Why, in the Hebrew Bible and the Odyssey alike, does the overweening human ambition to become somebody end in lowly banishment and dispersion?

This essay is the fourth in a six-part series by Jacob Howland on Homer and the Hebrew Bible. Historians of Western intellectual culture sometimes compare “Jerusalem,” or the biblical traditions that erupt into history at Sinai, with “Athens,” the city where Socrates, Plato, and Aristotle sought human wisdom through the exercise of the human mind. In this series, Howland invites a different comparison. Rather than comparing later prophets to philosophers, he looks back at yet earlier cultural cornerstones set at the very foundations of Hebraic and Greek civilizations.

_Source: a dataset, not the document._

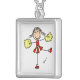 A cute stick figure cheerleading necklace featuring a girl cheerleader in a red and white uniform with yellow pom poms.

Future installments in Howland’s series will arrive monthly. —The Editors

The Noahide portion of Genesis, containing the final episodes in the Bible’s universal history before the advent of the Hebrew patriarchs, opens with one big construction project—the ark—and closes with an even bigger one—the city and tower of Babel.

The first story involves the near-total destruction of human and animal life with the single exception of Noah’s boatload of survivors. The second develops similar themes of displacement and dispersion, but in a different register: in a vivid image of total social uniformity, the mobilized citizens of Babel fire, stack, and join bricks row upon row in high walls. But God baffles the language of this anonymous mass and scatters it—them—“over all the earth.” Thus, once again, 2,000 years after the expulsion from Eden, a few centuries after the flood, human beings will have to begin anew to find their way in the world.